China Farms and Fonterra’s half share in DPA Brazil are now in sales processes and further valuation writedowns totalling $134m were recorded.

Fonterra’s shareholding in Beingmate has been sold to below 15% on the Shanghai stock exchange, chief financial officer Marc Rivers said.

The Australian consumer and food service businesses are performing well but there remains more work to do on ingredients, where throughput was down 23% and gross margin was a slim $21m.

By comparison NZ ingredients production was more than 10 times the size of Australia’s and returned a gross margin of $736m.

Global consumer and food service revenue was 29% of total revenue, slightly smaller than in 2019.

Hurrell said the previous turning-the-wheel drive to increase consumer and food service sales is now confined to geographies where greater profits can be made, not just to increase the overall proportion of value-add products.

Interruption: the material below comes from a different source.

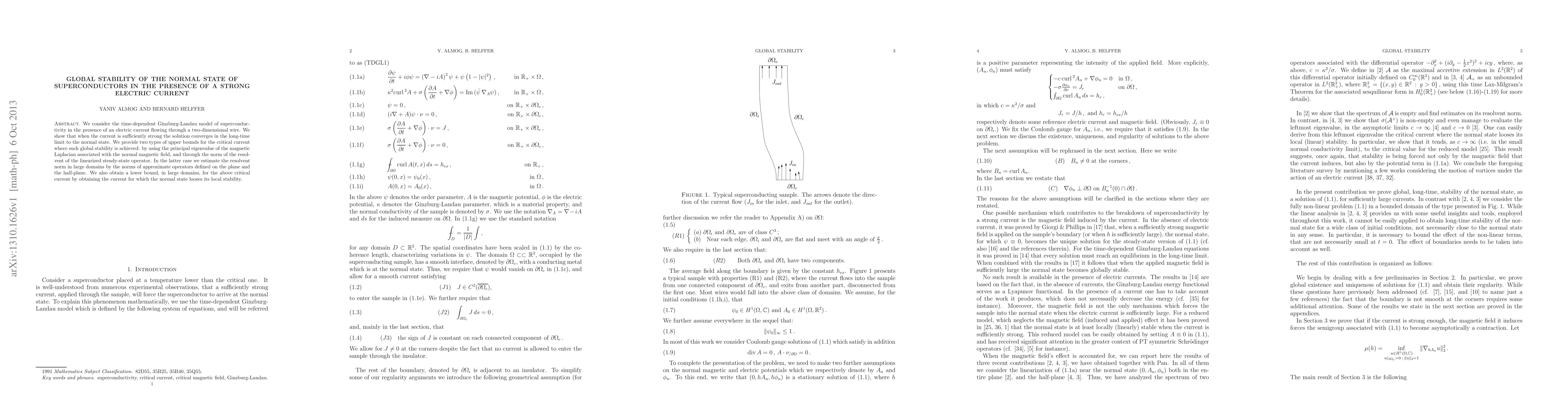 We consider the time-dependent Ginzburg-Landau model of superconductivity in the presence of an electric current flowing through a two-dimensional wire. We show that when the current is sufficiently strong the solution converges in the long-time limit to the normal state. We provide two types of upper bounds for the critical current where such global stability is achieved: by using the principal eigenvalue of the magnetic Laplacian associated with the normal magnetic field, and through the norm of the resolvent of the linearized steady-state operator. In the latter case we estimate the resolvent norm in large domains by the norms of approximate operators defined on the plane and the half-plane. We also obtain a lower bound, in large domains, for the above critical current by obtaining the current for which the normal state looses its local stability.

During the second half Fonterra faces risks outside its control including covid-19 disruption, political uncertainties in Chile and Hong Kong and ongoing dry weather in NZ.

“As I said a few weeks ago we have already contracted a high percentage of this year’s milk supply. 

“But our teams know we have to keep our foot on the pedal and navigate very carefully through the challenges we’ll face in the second half,” Hurrell said.